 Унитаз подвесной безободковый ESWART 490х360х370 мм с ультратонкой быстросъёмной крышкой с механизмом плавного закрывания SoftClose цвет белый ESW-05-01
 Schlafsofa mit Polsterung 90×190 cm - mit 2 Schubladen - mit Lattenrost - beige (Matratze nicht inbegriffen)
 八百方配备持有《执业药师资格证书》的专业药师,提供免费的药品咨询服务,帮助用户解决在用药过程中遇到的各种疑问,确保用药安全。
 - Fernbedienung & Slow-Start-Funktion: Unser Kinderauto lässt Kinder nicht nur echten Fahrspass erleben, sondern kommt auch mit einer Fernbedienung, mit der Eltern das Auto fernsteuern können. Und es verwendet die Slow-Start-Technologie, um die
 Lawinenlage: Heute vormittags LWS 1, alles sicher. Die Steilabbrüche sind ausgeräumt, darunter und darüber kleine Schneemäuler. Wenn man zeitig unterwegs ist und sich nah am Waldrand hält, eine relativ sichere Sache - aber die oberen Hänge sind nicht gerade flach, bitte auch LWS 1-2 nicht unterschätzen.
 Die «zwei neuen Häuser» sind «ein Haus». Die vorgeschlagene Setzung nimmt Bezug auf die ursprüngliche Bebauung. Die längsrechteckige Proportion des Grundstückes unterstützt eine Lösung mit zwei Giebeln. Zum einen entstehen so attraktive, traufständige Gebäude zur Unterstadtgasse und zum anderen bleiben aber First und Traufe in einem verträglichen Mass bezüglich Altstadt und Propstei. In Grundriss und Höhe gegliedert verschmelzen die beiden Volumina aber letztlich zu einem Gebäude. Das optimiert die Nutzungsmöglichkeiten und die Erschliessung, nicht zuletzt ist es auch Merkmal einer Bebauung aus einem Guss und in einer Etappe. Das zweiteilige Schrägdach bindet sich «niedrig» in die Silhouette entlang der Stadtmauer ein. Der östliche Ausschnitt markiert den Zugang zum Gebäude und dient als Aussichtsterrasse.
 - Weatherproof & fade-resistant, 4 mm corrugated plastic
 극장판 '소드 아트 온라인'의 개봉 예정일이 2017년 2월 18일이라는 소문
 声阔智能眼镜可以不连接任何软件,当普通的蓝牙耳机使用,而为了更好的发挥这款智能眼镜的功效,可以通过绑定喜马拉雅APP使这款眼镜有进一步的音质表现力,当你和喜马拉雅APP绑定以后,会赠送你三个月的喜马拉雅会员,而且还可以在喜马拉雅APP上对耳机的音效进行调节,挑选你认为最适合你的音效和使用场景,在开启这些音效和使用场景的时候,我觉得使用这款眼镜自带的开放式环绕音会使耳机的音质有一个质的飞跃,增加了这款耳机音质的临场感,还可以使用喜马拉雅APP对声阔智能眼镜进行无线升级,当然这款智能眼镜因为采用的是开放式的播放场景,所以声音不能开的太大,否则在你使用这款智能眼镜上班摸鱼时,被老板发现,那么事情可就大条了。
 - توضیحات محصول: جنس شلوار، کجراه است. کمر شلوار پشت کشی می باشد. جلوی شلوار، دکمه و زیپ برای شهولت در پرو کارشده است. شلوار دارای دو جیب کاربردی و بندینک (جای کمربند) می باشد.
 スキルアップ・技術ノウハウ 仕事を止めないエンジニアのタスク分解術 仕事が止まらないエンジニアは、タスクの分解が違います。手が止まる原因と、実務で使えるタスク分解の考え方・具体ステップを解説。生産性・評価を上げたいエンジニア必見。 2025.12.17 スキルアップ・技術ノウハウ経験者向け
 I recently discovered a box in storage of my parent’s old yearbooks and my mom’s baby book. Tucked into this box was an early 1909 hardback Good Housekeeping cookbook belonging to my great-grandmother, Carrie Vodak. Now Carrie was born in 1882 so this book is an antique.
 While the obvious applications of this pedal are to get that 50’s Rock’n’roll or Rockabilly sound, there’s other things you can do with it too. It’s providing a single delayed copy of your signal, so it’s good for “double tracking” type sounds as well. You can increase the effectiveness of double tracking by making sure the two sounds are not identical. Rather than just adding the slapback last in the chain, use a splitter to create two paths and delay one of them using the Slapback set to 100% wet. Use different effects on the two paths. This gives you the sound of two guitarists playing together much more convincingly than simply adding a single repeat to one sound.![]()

·····

Exactly as written, please reproduce the lines from the first line of the data to the line containing "- Fernbedienung &", inclusive, and nothing else.

 Унитаз подвесной безободковый ESWART 490х360х370 мм с ультратонкой быстросъёмной крышкой с механизмом плавного закрывания SoftClose цвет белый ESW-05-01
 Schlafsofa mit Polsterung 90×190 cm - mit 2 Schubladen - mit Lattenrost - beige (Matratze nicht inbegriffen)
 八百方配备持有《执业药师资格证书》的专业药师,提供免费的药品咨询服务,帮助用户解决在用药过程中遇到的各种疑问,确保用药安全。
 - Fernbedienung & Slow-Start-Funktion: Unser Kinderauto lässt Kinder nicht nur echten Fahrspass erleben, sondern kommt auch mit einer Fernbedienung, mit der Eltern das Auto fernsteuern können. Und es verwendet die Slow-Start-Technologie, um die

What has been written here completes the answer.